The connect.hive.security.kerberos.ticket.renew.ms configuration controls the interval (in milliseconds) to renew a previously obtained (during the login step) Kerberos token.
Keytab
When this mode is configured, these extra configurations need to be set:
connect.hive.security.principal= ....
connect.hive.security.keytab = /path/to/the/keytab
connect.hive.security.namenode.principal=....
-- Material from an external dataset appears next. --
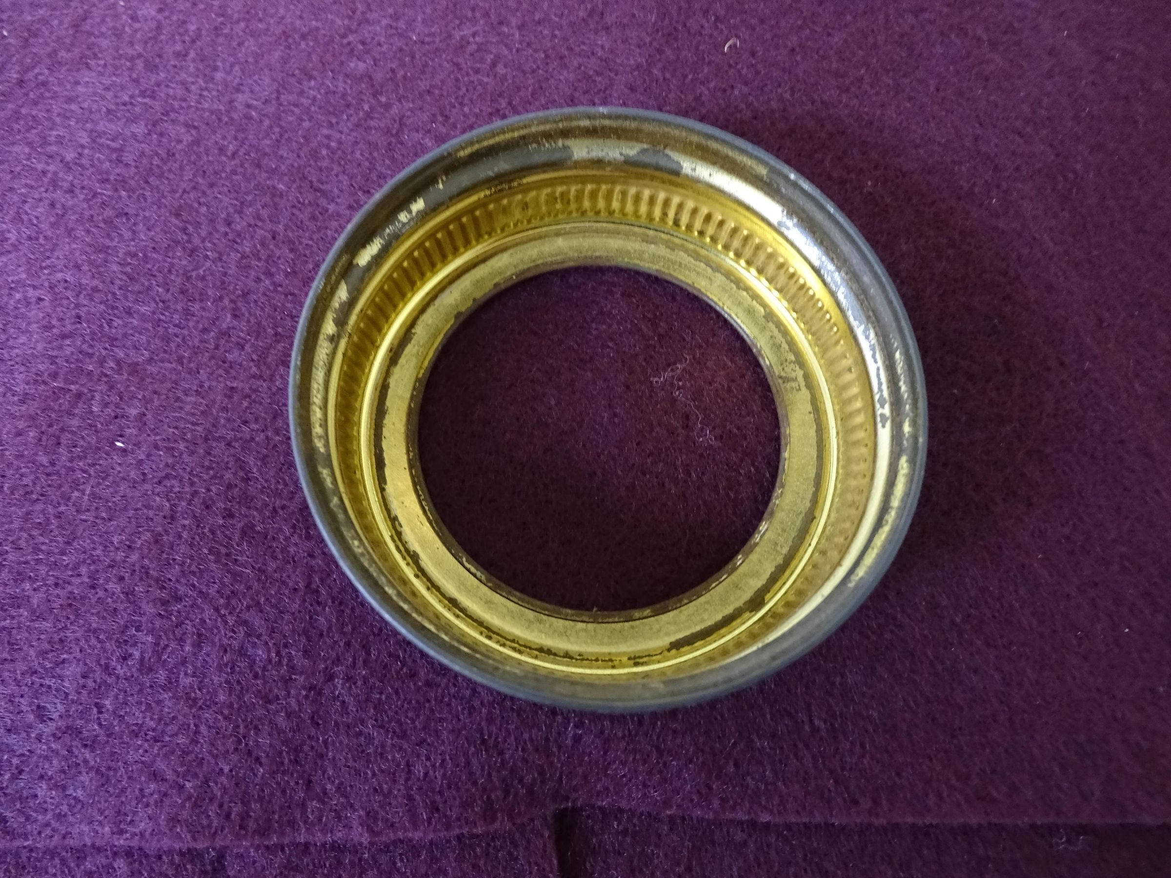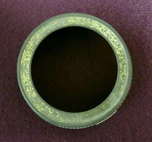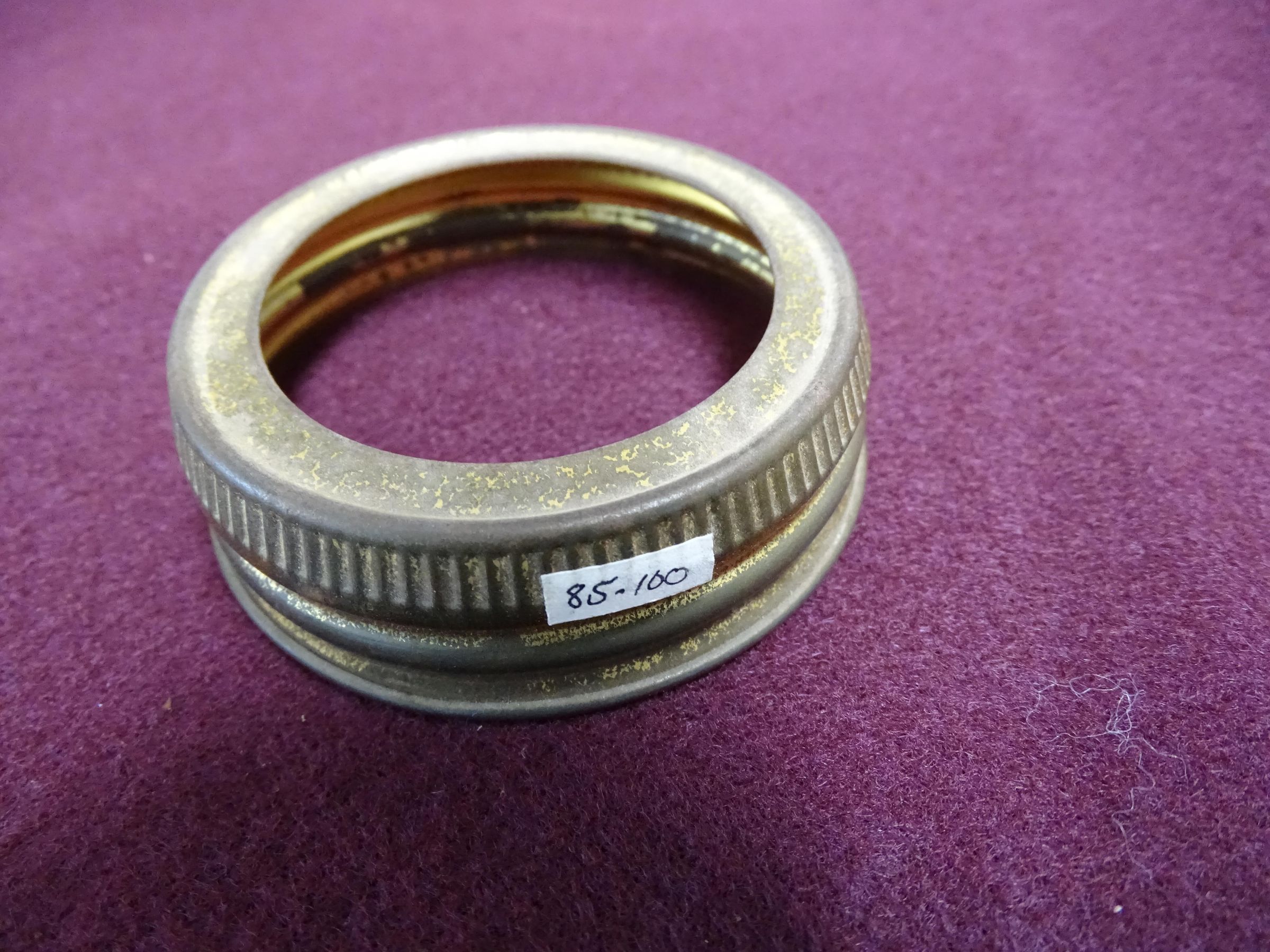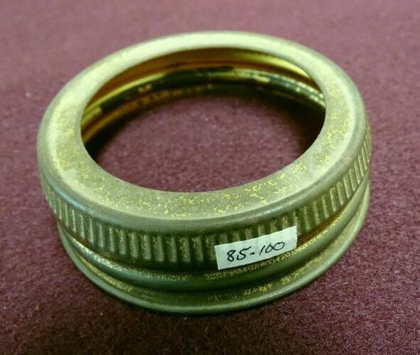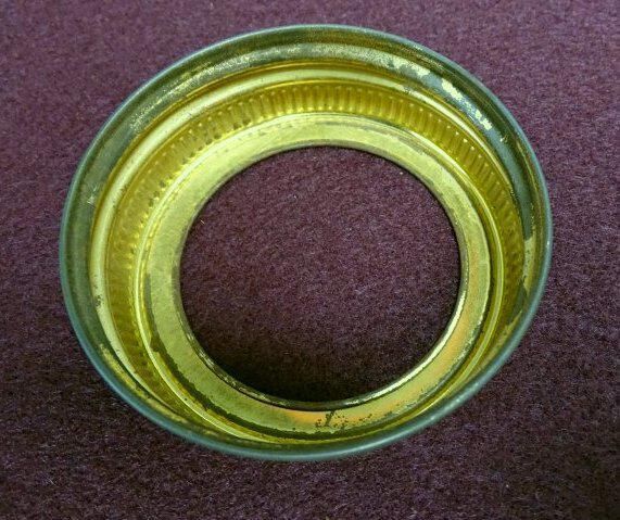 Gold-colored metal band with screw threads to secure a metal lid on a canning jar that has threads. This band is intended to be placed on the jar immediately after the jar is filled and a metal cap is placed on it, and after the jar cools and the lid "pops" the band is removed. The band is possibly brass or an alloy.Lexicon
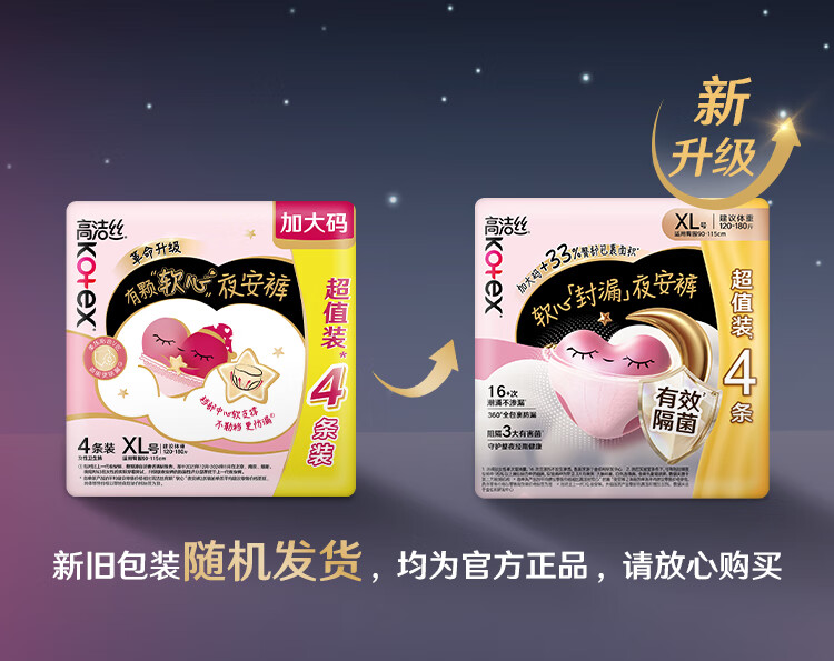高洁丝【有效隔菌】软心夜安裤XL号32条120-180斤裤型卫生巾安睡裤自营

The keytab file needs to be available on the same path on all the Connect cluster workers. In case the file is missing an error will be raised. You can find the details about the configurations in the Optional Configurations section.
User-password
For those setups where a keytab is not available, the Kerberos authentication can be handled via user and password approach. In this case, the following configurations are required by the sink:
connect.hive.security.kerberos.user = jsmith
connect.hive.security.kerberos.password=password123
connect.hive.security.kerberos.krb5=/path/to/the/krb5
connect.hive.security.kerberos.jaas=/path/to/the/jaas
Quickstart
Launch the stack
- Copy the docker-compose file.
- Bring up the stack.
export CONNECTOR=hive
docker-compose up -d kudu
Inserting test data
Login to the container and start the HIVE shell:
docker exec -ti hive hive
and execute the following:
CREATE DATABASE lenses;
USE lenses;
CREATE TABLE cities (
city STRING
, state STRING
, population INT
, country STRING)
STORED AS PARQUET;
INSERT INTO TABLE cities VALUES ("Philadelphia", "PA", 1568000, "USA");
INSERT INTO TABLE cities VALUES ("Chicago", "IL", 2705000, "USA");
INSERT INTO TABLE cities VALUES ("New York", "NY", 8538000, "USA");
SELECT *
FROM cities;
Start the connector
If you are using Lenses, login into Lenses and navigate to the connectors page , select Hive as the source and paste the following:
name=hive-source-example
connector.class=com.landoop.streamreactor.connect.hive.source.HiveSourceConnector
tasks.max=1
topics=hive
key.converter=org.apache.kafka.connect.json.JsonConverter
key.converter.schemas.enable=false
value.converter=org.apache.kafka.connect.json.JsonConverter
value.converter.schemas.enable=false
connect.hive.kcql=INSERT INTO cities SELECT * FROM cities
connect.hive.database.name=lenses
connect.hive.metastore=thrift
connect.hive.metastore.uris=thrift://hive-metastore:9083
connect.hive.fs.defaultFS=hdfs://namenode:8020
To start the connector without using Lenses, log into the fastdatadev container:
docker exec -ti fastdata /bin/bash
and create a connector.properties file containing the properties above.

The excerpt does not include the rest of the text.